In California, a bill that prevents universities in the state from punishing athletes who are compensated for their name, image and likeness — through endorsements, say, or paid autograph sessions — was passed unanimously in both houses of the legislature. When Gov. Gavin Newsom signed the “Fair Pay to Play Act” into law, he did it on the set of LeBron James’s barbershop show. “The jig’s up,” Newsom said.

Similar so-called NIL bills — for Name, Image and Likeness — have been introduced in nearly a dozen other states, including such college sports hotbeds as Kentucky, Pennsylvania and Florida. At the federal level, a bill to allow college athletes to earn endorsement money, introduced by Rep. Mark Walker, a North Carolina Republican, has been co-sponsored by a number Democrats. This movement is spreading like wildfire.

So yeah, what choice did the NCAA have?

I’ve been trying to imagine the meetings of the NCAA working group that was charged with figuring out a response to all this NIL legislation.

One member of the group, Ohio State athletic director Gene Smith, was quoted just a month ago as saying that if the California law went into effect (it won’t happen until 2023) Ohio State would stop playing California teams.

Another member, Big 12 Commissioner Bob Bowlsby, told the Fort Worth Star-Telegram that the California bill “will undermine the unique American collegiate model.”

Nonetheless, realizing that the tide had turned against them, the NCAA brass sucked it up, and agreed that they would finally allow college athletes to earn money on their names, images and likenesses. Apparently, the NCAA no longer believes that NIL payment will kill college sports as we know it.

When you read the press release the NCAA put out Tuesday, you realize that it still hopes to control the process. It says it wants athletes “to be able to benefit from the use of their name, image and likeness in a manner consistent with the collegiate model.” It is hard to know what that means since “the collegiate model” has always meant “everybody-gets-paid-except-the-players.”
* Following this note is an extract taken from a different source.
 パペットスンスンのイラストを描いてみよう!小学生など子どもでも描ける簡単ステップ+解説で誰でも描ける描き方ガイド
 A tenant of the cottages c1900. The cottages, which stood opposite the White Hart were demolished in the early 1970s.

The NCAA also insists that the priority for athletes must be education (ha!), that NIL payments won’t distort “fair and balanced competition,” and that boosters won’t be able use money to induce athletes to “remain at, or transfer to a specific institution.” These are all worthy goals, though let’s be honest: At most big-time sports schools, football and basketball players have long been expected to put their sport ahead of their education. As for “fair and balanced competition,” come see me the next time Rutgers beats Ohio State in football.

If left to its own devices, the NCAA would probably encrust the new financial freedom granted to college athletes with so many nitpicky rules that they wouldn’t feel free at all. But the association is not going to be left to its own devices. Not this time.
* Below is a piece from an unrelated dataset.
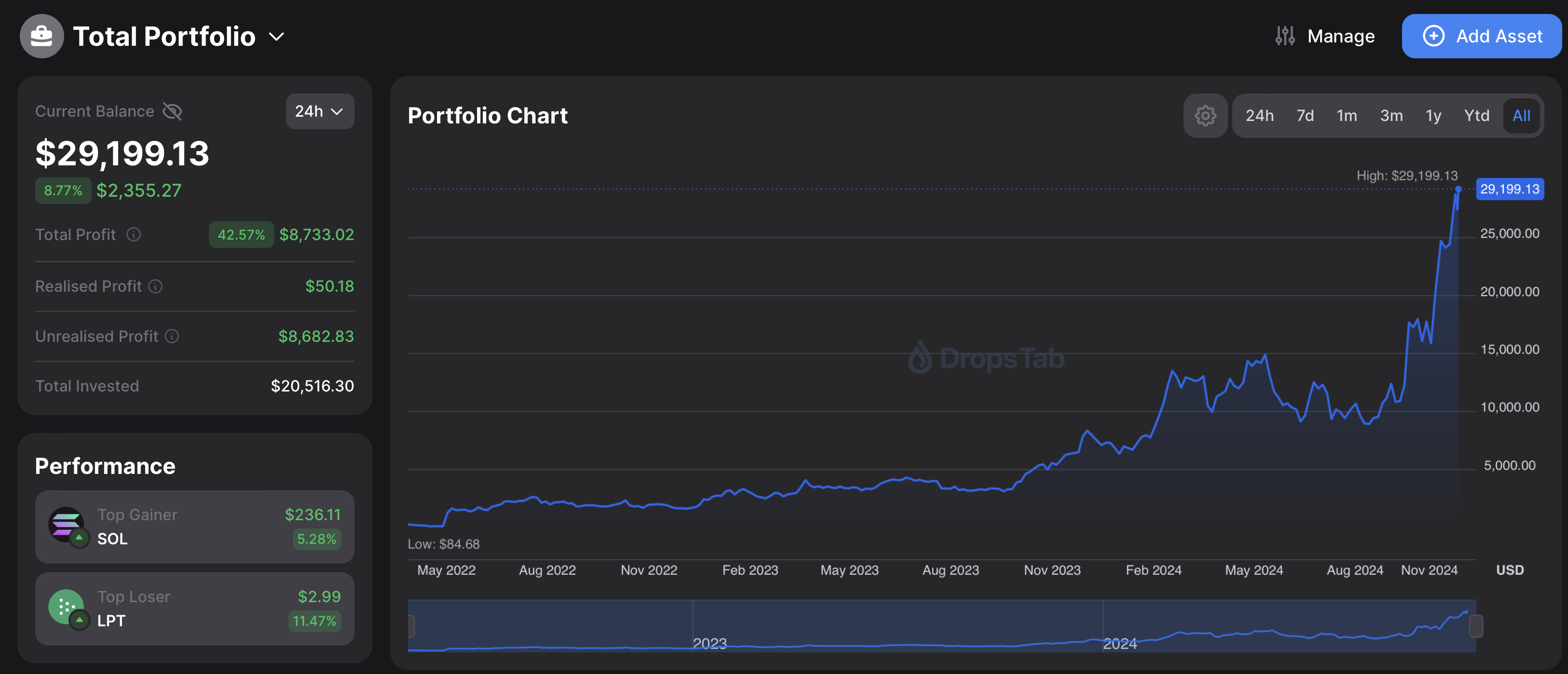 >>1164372 Мало данных. Может у тебя изначально 1к вложен и сейчас 33х, а может 60к вложил и в посадке 60% сидишь. По моим прикидкам альта с текущих В СРЕДНЕМ минимум 250-300% сделает. Именно В СРЕДНЕМ.

“While their words are promising, they have used words in the past to deny equity and basic constitutional rights for student-athletes,” said Walker after the NCAA’s announcement. He said that he would continue to press on with a federal NIL bill. You can be sure that whatever rules and regulations Congress puts in place, they’ll be nothing compared to what the NCAA has in mind.

I’m sure the NCAA hopes to draw the line at name, image and likeness. But I think it’s more likely that this marks the beginning, not the end, of payments for players. For one thing, allowing NIL payments makes a mockery of everything the NCAA has been telling the courts. In a series of antitrust cases, it has argued that paying the players would bring about the ruination of college sports. It is now clear that even the NCAA doesn’t believe that.

For another, once some athletes begin to reap endorsement money, players without endorsement deals are going to want some form of compensation. The pressure to actually start paying them a salary will be enormous. When the NCAA starts to argue - as it surely will - that this will lead to the ruination of college sports, people will roll their eyes. Legislators will file bills to pay the players. Fans will rally around the issue.

And the NCAA, once again, will have no choice but to capitulate. You can only cry wolf so many times.

Joe Nocera is a Bloomberg Opinion columnist covering business.